Found this print at Target over the weekend! #TargetForTheWin

This week has been a world wind. Lunches with some wonderful women and one amazing email later, makes me truly thankful for this ride.

Last week I expressed my frustration with the ride and being still. I did promise to give it my best shot though. Funny thing is, when you actually hunker down and get serious, things happen.

It’s on God’s time.

Over the course of the last few months I have changed my outlook, my perspective on life. It’s been AMAZING and has created a cascading affect on everything in my personal life, motherhood especially. This is something I will talk about more in upcoming posts, but for now I will just focus on the present. June – my month to be still and everything that has happened this week.

My week began with giggling girls and fun adventures. Library story time and nature walks, just to name a few. Then a mid-week lunch with a dear friend, whom my girls lovingly refer to as Aunt. She broke up the seriousness of my thoughts with some lighthearted laughter. Obliged my oldest with some SnapChat fun and got the little one to warm up a bit. Sometimes what we need most is to put our thoughts away for a time and just enjoy the moment. Thank you my dear, sweet friend!

Thursday met with an e-mail I had been anxiously awaiting. I was stunned to see it in my inbox. It took me a moment, but I dived right in!

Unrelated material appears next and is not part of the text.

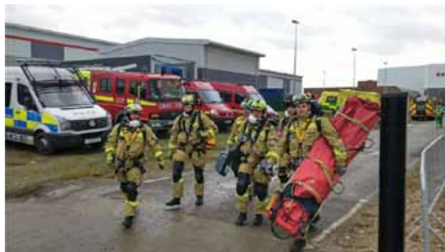
ÚTBAN A BEVETÉSRE

A HUNOR Mentőszervezet 2017-ben esedékes újraminősítésének egyik feltétele, hogy a csapat a 2012-2017-es időszakban legalább egy alkalommal, teljes kapacitással alkalmazásra kerüljön, vagy pedig gyakorlaton vegyen részt, aminek a londoni gyakorlat megfelelt. Ezen a gyakorlaton a magyar csapat nehéz kategóriájú létszámmal és felszereléssel vett részt, amely fontos állomása volt az ENSZ INSARAG (Nemzetközi Kutató és Mentő Tanácsadó Csoport) külső újraminősítésének (IER). A HUNOR 2012. évi Nehéz Városi Kutató és Mentő (Heavy USAR) kategóriájú újraminősítését kívánja eredményesen megerősíteni.

The e-mail was EVERYTHING I needed to hear. Funny how that works right!? She talked about the three phases of entrepreneurship- Enlightenment, Info Dumping, and Clarity.

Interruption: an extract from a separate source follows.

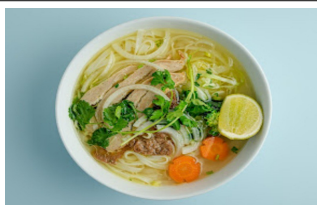
14.Phở Hà nội * 3 4 Vietnam. traditionelle , Welt bekannte Reismudelsuppe Vietnam. traditional, world- famous rice noodle soup

As she expressed, I am definitely in the Enlightenment and Info Dumping phases. I am reading and listening to everything I can get my hands on. It’s as if my soul has been awakened and I am searching for my purpose, my passion. It is difficult to describe, but I’ll try. It’s like looking at a dim screen with dull colors. The more I listen and read, the more the screen brightens and the colors become vibrant. The sky is not the limit, there is no limit to what I can accomplish.

“Be still and know that I am God.” -Psalm 46:10

Friday came and I found myself driving more than an hour to have lunch with some wonderful women I only get to see a few times a year. I took this opportunity to talk with God. First thanking him for this amazing life. Then telling him I am working on Being Still, but that it’s a lot harder than I thought it would. I told him about the questions I was still pondering and my quest for answers. I also acknowledged that I knew these answers would come on his time and I would continue making an effort to focus on the ride.

God’s Presences.

During lunch I was speaking to these lovely ladies, telling them everything about my journey. It was as if God was speaking through them, telling me exactly what I needed to hear. I see a possible destination in site. The path is much clearer now. It’s going to take a lot of effort and hard work, but I will get there.

For now, I am going to sit back and enjoy the ride!